→ Work required: From the records below, extract only the lines running from the line with "Wang Jiao from" to the line with "Набор из 4 эрекционных", both lines included, reproducing them exactly.

→ Available data:

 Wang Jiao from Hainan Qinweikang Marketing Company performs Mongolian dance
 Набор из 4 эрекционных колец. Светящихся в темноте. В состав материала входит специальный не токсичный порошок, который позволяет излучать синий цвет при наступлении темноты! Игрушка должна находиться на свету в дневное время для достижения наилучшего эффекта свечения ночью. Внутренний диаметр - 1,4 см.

...

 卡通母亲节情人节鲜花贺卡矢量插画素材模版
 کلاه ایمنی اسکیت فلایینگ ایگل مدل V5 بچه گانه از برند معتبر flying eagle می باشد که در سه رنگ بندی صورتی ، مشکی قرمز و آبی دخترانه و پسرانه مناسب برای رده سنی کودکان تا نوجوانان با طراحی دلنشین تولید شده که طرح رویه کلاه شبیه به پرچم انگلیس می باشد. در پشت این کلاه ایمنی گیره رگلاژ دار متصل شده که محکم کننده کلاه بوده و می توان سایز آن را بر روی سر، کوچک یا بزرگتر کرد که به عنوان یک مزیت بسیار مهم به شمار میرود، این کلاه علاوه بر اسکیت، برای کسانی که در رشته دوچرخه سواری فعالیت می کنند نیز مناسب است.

→ Exercise result:
 Wang Jiao from Hainan Qinweikang Marketing Company performs Mongolian dance
 Набор из 4 эрекционных колец. Светящихся в темноте. В состав материала входит специальный не токсичный порошок, который позволяет излучать синий цвет при наступлении темноты! Игрушка должна находиться на свету в дневное время для достижения наилучшего эффекта свечения ночью. Внутренний диаметр - 1,4 см.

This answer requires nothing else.